One of the key drivers for Generac’s success is its untapped market potential—90% of U.S. homes valued at over $150,000 have yet to install a backup generator.  As the frequency of severe weather events continue to intensify and power outages become more common, the demand for backup power systems will only increase. Generac’s products are not only relevant for individual households but also play a crucial role in supporting the broader power grid. The company works closely with grid operators to help maintain reliability, especially during periods of peak demand.

The increasing importance of energy storage solutions cannot be overstated. As renewable energy sources like solar and wind grow in adoption, the ability to store that energy for when the wind isn’t blowing or the sun isn’t shining, is essential. Companies like Generac are at the forefront of this shift, providing both backup power solutions and long-term storage options that will be critical in balancing the grid and ensuring energy availability in the future.

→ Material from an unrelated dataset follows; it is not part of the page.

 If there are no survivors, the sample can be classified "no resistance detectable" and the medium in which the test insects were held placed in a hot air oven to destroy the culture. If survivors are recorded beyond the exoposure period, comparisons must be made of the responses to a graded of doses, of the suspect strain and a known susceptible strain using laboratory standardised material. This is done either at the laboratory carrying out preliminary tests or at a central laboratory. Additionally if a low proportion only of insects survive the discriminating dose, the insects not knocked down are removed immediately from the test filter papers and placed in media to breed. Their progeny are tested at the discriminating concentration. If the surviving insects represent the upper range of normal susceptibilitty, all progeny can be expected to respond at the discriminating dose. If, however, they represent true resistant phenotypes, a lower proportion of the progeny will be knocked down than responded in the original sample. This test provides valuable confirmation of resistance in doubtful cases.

Oil Prices: A Persistent Global Influence

With recent news focusing on nuclear and renewable energy sources, it’s important to recognize that oil still remains a (if not the most) critical factor in the global economy.  According to the EIA, about 60% of U.S. electricity generation comes from fossil fuels—coal, natural gas, and petroleum. About 19% from nuclear energy, and about 21% from renewable energy sources.  This 60% figure is also consistent with electricity generation worldwide.

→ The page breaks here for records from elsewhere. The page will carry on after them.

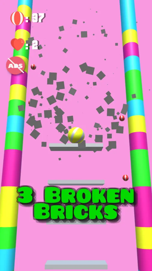 The more balls you collect, the bigger you get, and the more you grow, the more bricks you break at the end of the level! Sometimes you must slide back down the rollers to collect the balls you missed. If you can slide down for a long time, the balls you collect will double your growth.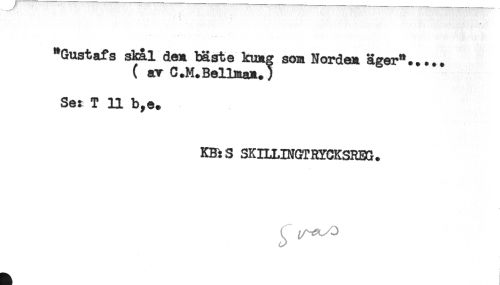//// "Gustafs skal den bäste kung som Norden äger*..... //// ( avC.M.Bellman.) //// Se: T U b,e. //// KB: S SKILLINGTRYCKSRBG. ////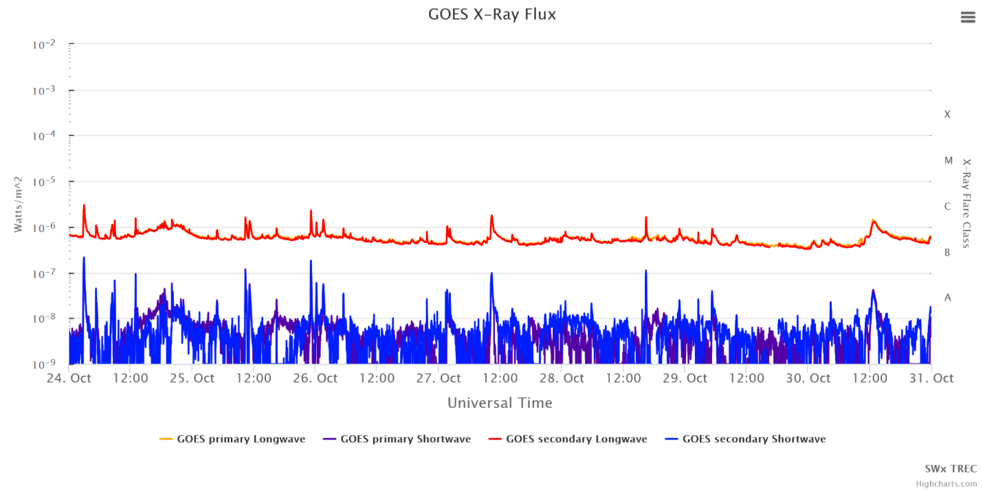 Possiamo allora esaminare anche il flusso di raggi X misurato dal satellite GOES, nello stesso periodo dal 24 al 30 ottobre. Anche in questo caso l’attività solare è rimasta estremamente tranquilla: nessun brillamento di classe X ed M, soltanto alcuni di classe C, praticamente irrilevanti. Questo quadro è confermato anche dal sito web SolarMonitor. Guarda la figura con l’andamento del flusso di raggi X energetici dal 24 al 30 ottobre © Regents dell’Università del Colorado 2025.

Oil prices have been a significant driver of inflation and market volatility over the past few years, and last quarter was no exception. Though oil prices have come down from their 2022 highs, they have risen again recently due to geopolitical tensions, particularly in the Middle East.

WTI and Brent Crude Prices

 

The conflict between Israel and Hezbollah/Iran has led to an increase in the price of Brent crude, which now sits around $75 per barrel. While this is still far below the 2022 peak of $128, the recent rise highlights the sensitivity of oil prices to geopolitical events.  

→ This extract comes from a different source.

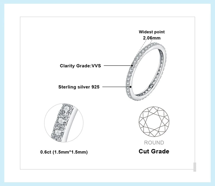 JewelryPalace 5A CZ Eternity Classic 925 Sterling Silver Wedding Engagement Band Ring for Woman Anniversary Gift Fine Jewelry

As the world’s largest producer of crude oil, the U.S. is better equipped than ever to mitigate the effects of supply disruptions.  But on the other hand, as the world’s largest consumer of oil, the U.S. is also at the greatest risk of supply disruptions.  However, advances in exploration and drilling efficiency have boosted U.S. output, allowing the country to play a more prominent role in stabilizing global oil markets.

Oil prices are notoriously volatile, and the ongoing geopolitical tensions in the Middle East could lead to further spikes. At the same time, the world’s reliance on oil remains significant, and the impact of rising prices can ripple through the economy. Higher oil prices drive up the cost of gasoline, which acts as a tax on consumers by reducing disposable income and increasing costs for businesses.

From an investment perspective, navigating oil price fluctuations can be challenging, but diversification is key. The energy sector, particularly oil, can act as a hedge against inflation and market volatility, as evidenced by its performance during past periods of market stress. For example, in 2022, when the broader S&P 500 was down 18%, the energy sector posted a remarkable 66% gain. While past performance does not guarantee future results, maintaining exposure to energy-related investments can help buffer portfolios against the volatility that often accompanies rising oil prices.

Final Thoughts

In a quarter marked by significant shifts in the energy landscape, the importance of maintaining a diversified portfolio cannot be overstated. Whether its utilities benefiting from AI-driven power demand, companies like Generac capitalizing on the growing need for energy storage, or oil’s persistence in global markets, energy will continue to play a pivotal role in shaping market dynamics. 

As always, we remain committed to identifying long-term opportunities and staying ahead of market trends to help our clients navigate the complexities of the global economy.